これまで多くの企業は、「OpenAIの高性能なモデルを使いたいけれど、自社のシステムはずっとAWSで動かしているから、わざわざマイクロソフトのシステムを新しく契約するのは大変だ」というジレンマを抱えていました。しかし今回の提携により、使い慣れたAWSの強固なセキュリティやデータ管理のルールのまま、シームレスにOpenAIの技術を利用できるようになります。すでにAmazon Bedrockには、Anthropicの「Claude」やMetaの「Llama」など、名だたる強力なAIモデルが揃っています。そこに今回、絶対的な王者であるOpenAIのモデルが加わったことで、企業は「用途に合わせて一番賢いAIを自由に選ぶ」という理想的な環境を、AWSという一つの場所で完結できるようになりました。

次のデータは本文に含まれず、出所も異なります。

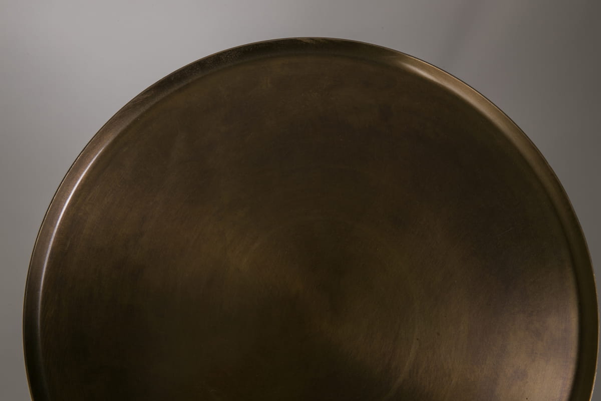 Żelazny mosiężny stolik z antycznym wykończeniem oraz pokryty przeźroczystą powłoką proszkową, daje gwarancję wysokiej jakości i stabilności produktu. Jego blat został wykończony łagodnie zaokrąglonym brzegiem. Smukłe, strzeliste, mosiężne nogi stanowią stabilny stelaż. Połączenie złota z antycznym design'em, sprawia, że z łatwością skomponuje się z pozostałymi elementami wystroju wnętrza i jeszcze bardziej podkreśli charakter i wyjątkowość danego miejsca.
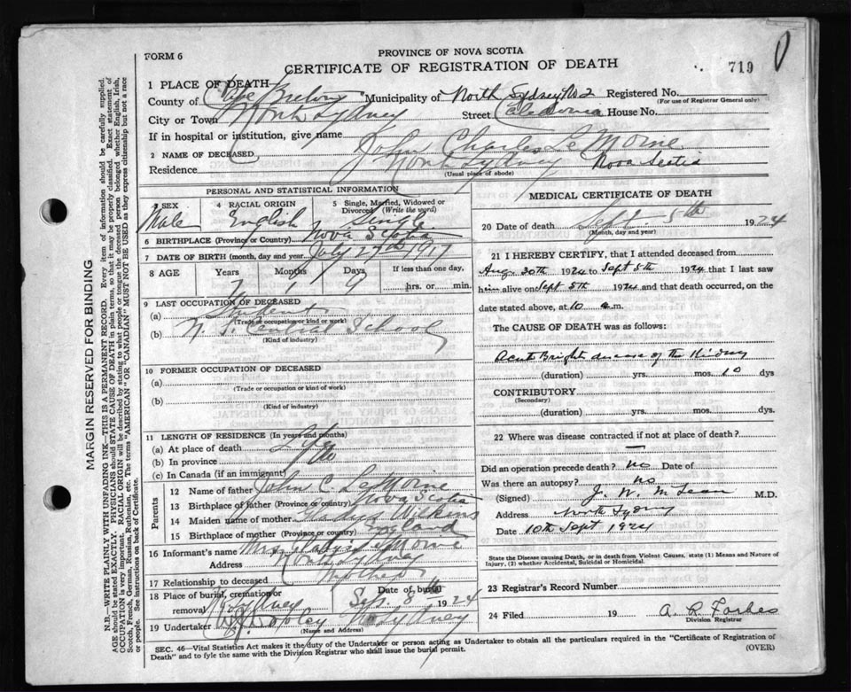 Death Registration: Year: 1924 file: 79 number: 719
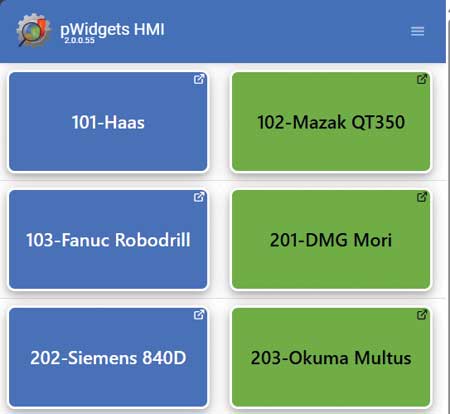 A cell of six machines, as accessible through the browser-based pWidget HMI for Predator DNC and MDC applications. The customizable pWidget touch interface gives Predator users the ability to view, control, send or receive CNC file programs as well as access specific machine data points across a variety of web-enabled devices.

特定の企業に縛られるベンダーロックインの不安から解放され、それぞれの企業が自分たちに一番合ったテクノロジーを柔軟に組み合わせていける。そんな風通しの良い、優しくて自由なAI活用の時代が本格的に幕を開けました。私たちの普段の業務を支えるシステムにも、これからもっと自然な形で、優秀なAIたちが続々とやってきそうですね。


今回のエピソードは以上で終了です。また次回お会いしましょう。